Designers create interiors that make you want to shop. But do they consider the service element in any meaningful way? 20|20’s Jim Thompson comments

Designers create interiors that make you want to shop. But do they consider the service element in any meaningful way? 20|20’s Jim Thompson comments

As Westfield Stratford City opened its doors this month, newly appointed staff and old hands were trained in the latest and greatest their brands had to offer.

Nerves were hardly visible as doors opened and enthusiastic staff greeted hordes of customers for the first time. The passion and belief was palpable – ‘friendly’, ‘attentive’ and ‘keen to help’ – were all words I heard to describe the quality of service on the first day.
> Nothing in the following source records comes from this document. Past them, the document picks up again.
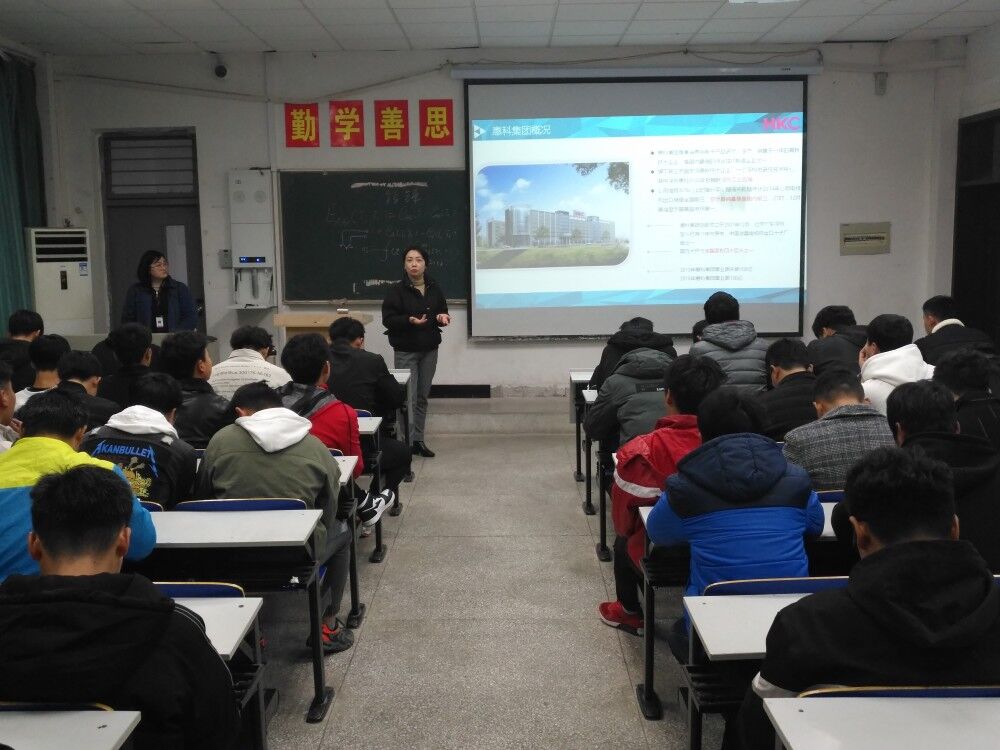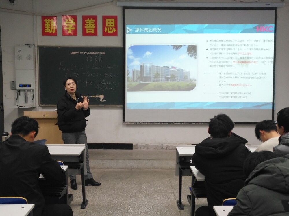 为深入贯彻落实《国家职业教育改革实施方案》,积极推进现代学徒制工作,2019年7月学校与惠科光电科技(滁州)有限公司签订了现代学徒制校企合作协议。前期电气工程学院和惠科公司共同制定了“惠科班”人才培养方案,按企业岗位需求建立了促进学徒“岗位成才”的课程体系。为更好的推进“惠科班”校企共建,落实“双主体”育人工作,应电气工程学院燕相松副院长邀请,2019年11月27日惠科光电科技(滁州)有限公司人力资源部经理张海燕到校为“惠科班”及2019机电专业的全体同学做了校企合作专题报告。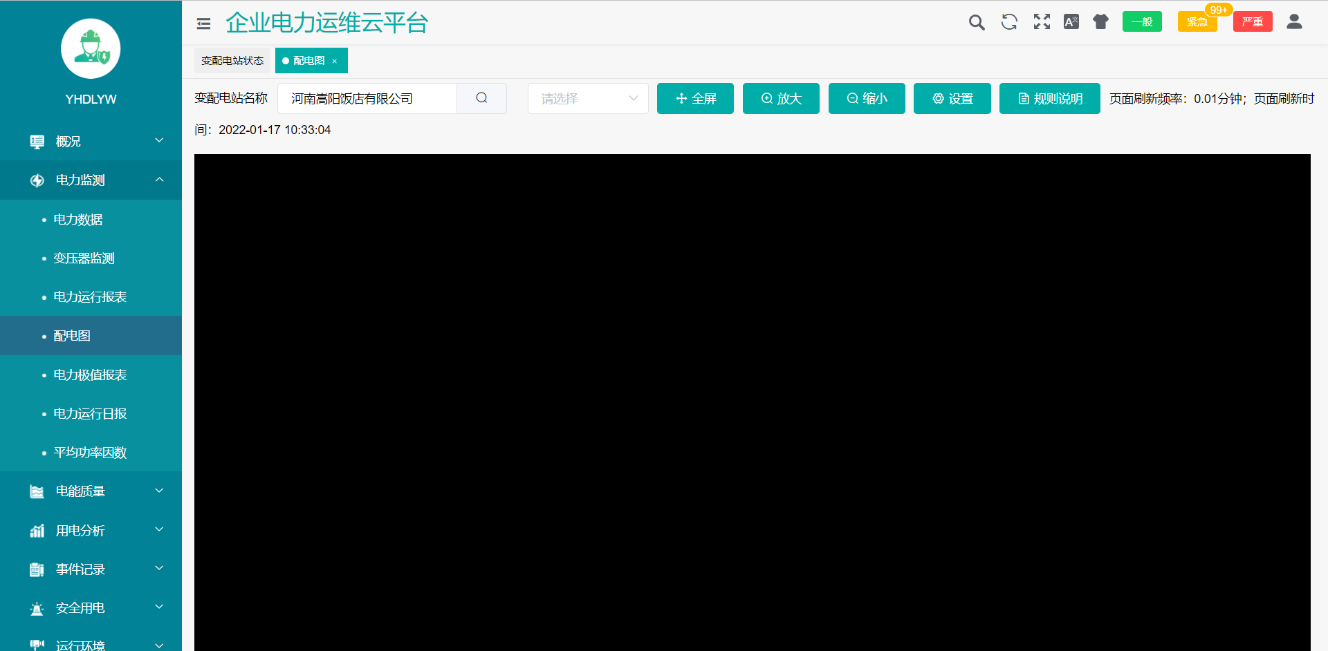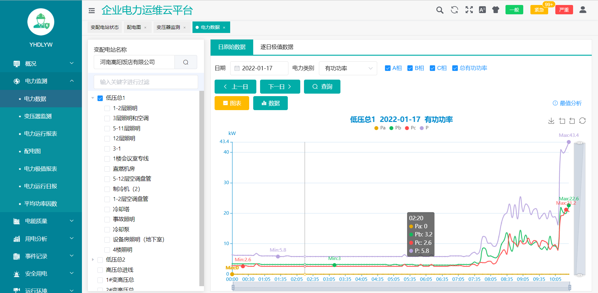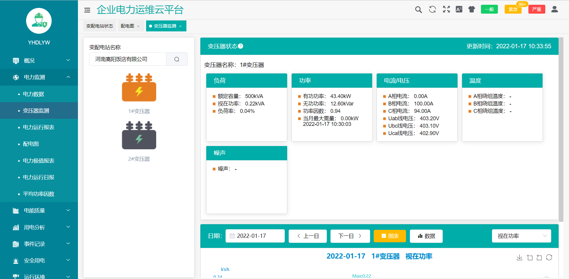 “電力監控”頁面包括配電圖、變壓器監測、電力數據。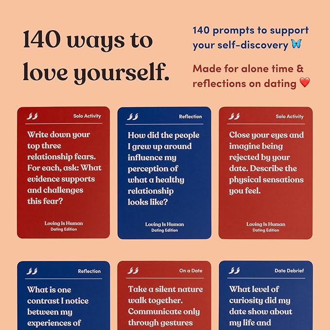 Loving is Human (Dating Edition) | 140 Conversation Cards to Help Deepen Romantic Relationships | Self-Reflections on Dating, Love & Early Relationships | Dating Card Game for 1+ Players

Of course, when you look deeper, below the customers’ basic expectations, you can sometimes find the retailer’s brand talking – where good training and brand understanding start to make a difference. This runs from the conversational approach of John Lewis, where they get to know you before being incredibly helpful in a quintessentially English way – to the glossy glamour of the new Marks & Spencer where staff not only look great, dressed in modish outfits from The Range, but also treat you as if you’ve paid extra for a personal shopper. There’s even the girl-friendly sexiness of the new Ann Summers emporium with its giant rabbit. Here sexual confidence is unleashed by an admittedly frank explanation of the products that are on offer, ahem. 

However, for many less brand aware retailers or for those challenged by today’s tough trading conditions, the winning smile may soon be replaced by the day job, the constant need to make the sale, or the fear that a mystery shopper looms.

Great service should, of course, be a given for all retail chains, not just the domain of the ‘big boys’ or dismissed as something delivered only by specialist independents. After all, customer service is finally being recognised as one of the most important ingredients of the marketing mix. So why is it so infrequently considered vital? Equally, what happens to it when a store design brief is being fashioned?

High-quality customer service creates customer loyalty. Shoppers are interested not just in the products they are being offered, but all the additional elements of service they receive, from the greeting when entering a store, to the help received when making a complaint. Retailers’ online offers are highlighting the need for enhanced service in the store. If we can find all we need to know about products and services online, when we get to the store there has to be something extra to entice us to buy.

As designers already consider the customer experience, merchandising principles, space planning and brand communication – surely consideration should also be given to the role and behaviour of staff. Perhaps it is, but the results are not always obvious.